T-SQL Tuesday #92: Lessons Learned the Hard Way

Andy Levy

2017-07-11

This month’s T-SQL Tuesday is hosted by Raul Gonzalez and he’s asked everyone to share things we might be a bit embarrassed about:

For this month, I want you peers to write about those important lessons that you learned the hard way, for instance something you did and put your systems down or maybe something you didn’t do and took your systems down. It can be also a bad decision you or someone else took back in the day and you’re still paying for it…

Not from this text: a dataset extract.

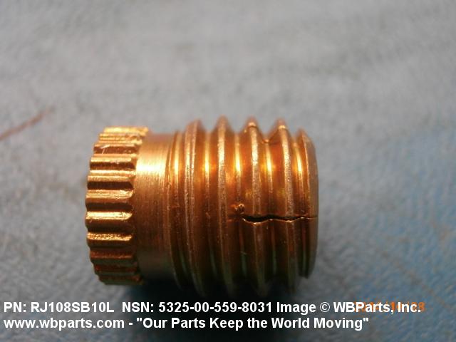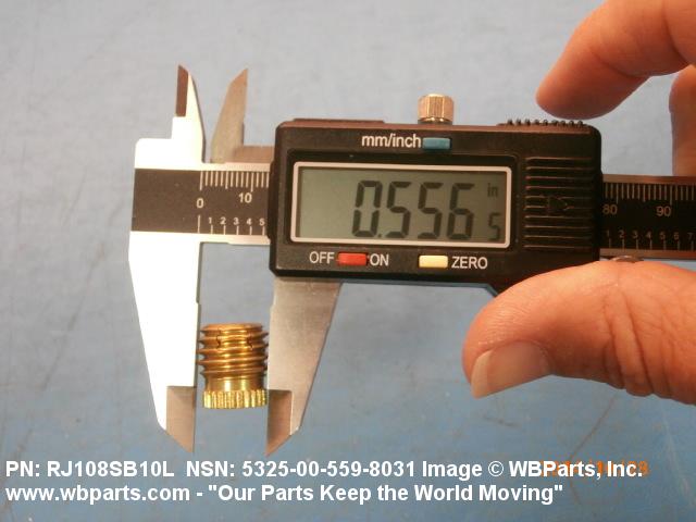 5325-00-559-8031 A cylindrical item which may have wrenching and/or driving facilities and/or shoulders. It is designed to be inserted in a drilled, tapped or a pretapped hole, or molded or pressed into soft material to reduce the size of a tapped hole; to provide threads; to add strength, and/or to prevent stripping. It is one of the following: (1) a one-piece, flanged or unflanged, internally threaded item which may have external threads, and/or serrations around the periphery of the collar, designed to engage a serrated lock ring which is not included with the item; (2) a one-piece precision coiled wire; (3) a two-piece item consisting of an internally threaded cylinder and a mating externally threaded part; or (4) a one-piece internally threaded item whose outside diameter is tapered and/or knurled and/or with fin(s). The internal thread of the item may have a locking feature. Excludes items having a sleeve on on its under portion which can be clinched or crimped. Excludes BUSHING,MACHINE THREAD; NUT,PLAIN,KNURLED; NUT,PLAIN,ROUND; NUT,PLAIN,CLINCH and NUT,SELF-LOCKING,CLINCH. See also NUT,PLAIN,PLATE

In the stress/performance testing portion of an upgrade of a critical system, we were short on disk space. So, rather than having a separate set of VMs for the performance testing (as we needed to be able to get back to functional testing quickly), we decided to just take VM snapshots of all the servers. Testing was delayed a day or two - but we didn’t switch off the snapshots. Then we started testing and performance was terrific…for about five minutes. Then everything came to a screeching halt. Panicked, we thought we were going to need a pile of new hardware until the VMWare admin realized that our disks were getting hammered and we still had those active snapshots. Lesson learned: If you take VM-level snapshots of your database server and let them “soak” for an extended period, you’re gonna have a bad time. Unless you need to take a snapshot of the host OS or instance configuration itself, use a database snapshot instead of a VM-level snapshot.
A couple of times, I’ve had under-performing VMs running SQL Server. As I hadn’t been involved in the configuration, I thought everything had been provisioned properly. Turns out…not so much. Memory reservations, storage configuration, power profiles, all set up for suboptimal performance. Lesson learned: Ask your VMWare admin if they’ve perused the best practices guide and review things yourself before going down the rabbit hole of SQL Server configuration & query tuning. If the underlying systems aren’t configured well, you’ll spin your wheels for a long time.
In doing a configuration review of a rather large (production) instance, I noted that at least one configuration option was still set to the default value - Cost Threshold for Parallelism was stuck at 5. Running sp_BlitzCache, I found that I had quite a few simple queries going parallel and huge CXPACKET waits. CXPACKET isn’t bad per se, but if you’ve got a low-cost query that’s going parallel and waiting on threads where it could be running faster overall single-threaded (verified this was the case for several of the top offenders), increasing the cost threshold can help. I did some checking, verified that it was a configuration change I could make on the fly, and set the value to 50. And then everything. Slowed. Down. When I made this configuration change on the test instance, it wasn’t much a problem. But that was a much smaller instance, with much less traffic. What I failed to fully comprehend was the impact of this operation. I overlooked that changing this setting (and a number of others I wasn’t aware of) blows out the plan cache. In the case of this instance, about 26Gb of plan cache. Not only was performance impacted while the plan cache was re-filled, we took a hit while all the old plans were being evicted from cache. Lesson learned: Even if it seemed OK in test, those “low impact” changes can have a much larger impact on production unless you can make test mirror production in every way. So plan when you make these changes accordingly.

We learn the most from our mistakes. We can learn almost as much from the mistakes of others. Learn from mine.